Pour cela, Daniel Cohn-Bendit et Guy Verhofstadt fixent un but : les élections européennes de 2014 devraient servir à mettre en place une assemblée constituante. Mais peut-on compter pour cela sur les élus actuels, et plus généralement sur les gouvernements nationaux qui ne relaieront certainement pas le projet. Certainement pas. Pour les auteurs, c’est à la société civile pro-européenne et fédéraliste de se mobiliser auprès de la classe politique pour que cet appel soit repris par des personnalités nouvelles.
« La démocratie, c’est aussi précéder l’opinion publique et non la suivre aveuglément pour des raisons électoralistes ou politiques. La démocratie, c’est s’adresser à l’intelligence des individus, non à leurs instincts, en les associant à un projet émancipateur ».
Marcher sur les deux jambes
Nous ne pouvons, répétons-le, que répondre à cet appel pour une vraie démocratie européenne.
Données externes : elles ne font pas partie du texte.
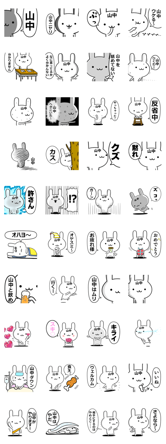 | スタンプ説明 | 日本全国の苗字の中,山中サンの人気毒舌吹き出しうさぎスタンプ!面白く,ウザく,名前が,やまなかサンに使える!ヤマナカさん,ヤマナカちゃん,ヤマちゃんへ♡ |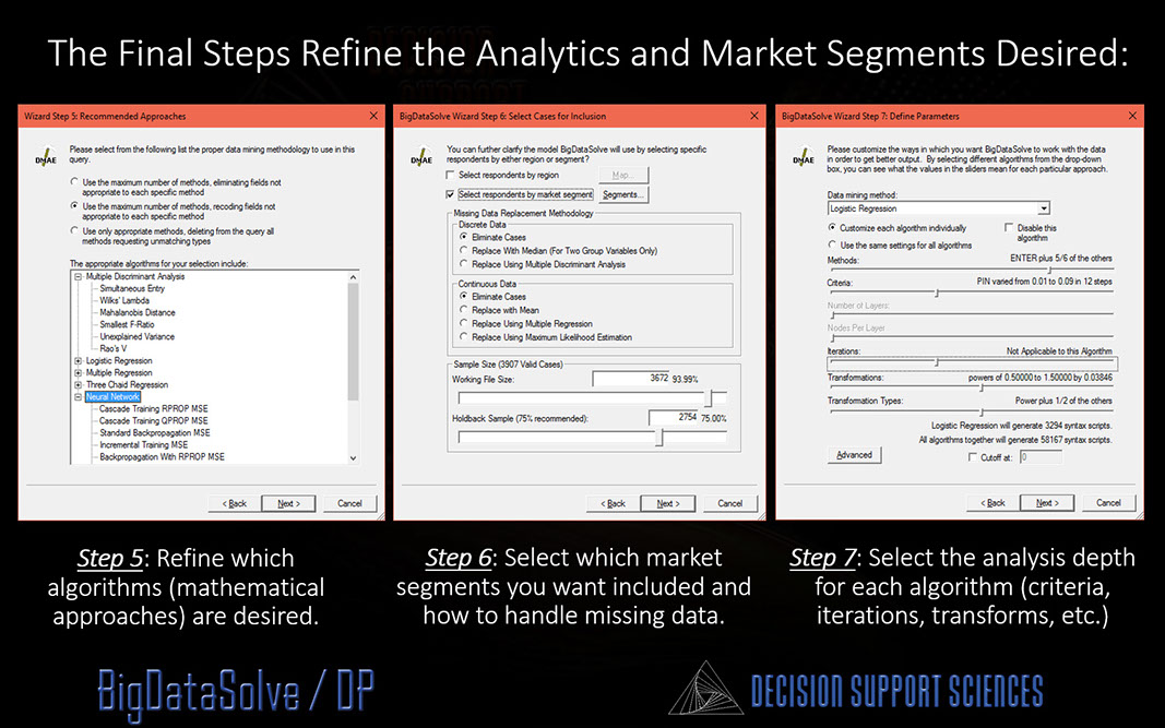 When it comes down to it, despite all of it's power BigDataSolve /DP™ is simply an advanced software application. As such, we designed it to be easy to use. It hides all the complexity of data mining from you and simply asks what you want to do using the powerful and familiar metaphor of a software "wizard."

Mais si le projet se limite à son aspect institutionnel, il n'intéressera pas la grande masse des électeurs, englués dans la crise. Il faut développer, en même temps que le projet constitutionnel, un projet économico-politique visant à construire l'Europe puissante et souveraine évoquée ci-dessus. Un projet tel que même les citoyens grecs obligés pour survivre de fouiller dans les poubelles puissent le comprendre. . Pour cela, il faut montrer comment un véritable Etat fédéral européen, disposant des ressources de la monnaie européenne et harmonisant ses législations fiscales, sociales, environnementales et douanières, pourrait investir eu faveur des industries et recherches de demain, des services publics structurants et, ajoutons-le, des industries de défense. Pour cela, il faudra affronter sans hésiter, répétons-le encore, l'Empire américain et ses alliés, s'abritant derrière l'idéologie néo-libérale, pour qui un tel programme fera l'objet d'un chiffon rouge agité devant le taureau.
Nous reviendrons sur ce site prochainement, pour développer ce que pourraient les deux jambes de cette « révolution fédérale » : un projet constitutionnel et un projet économico-industriel permettant à la nouvelle Europe d'affirmer son indépendance et sa puissance.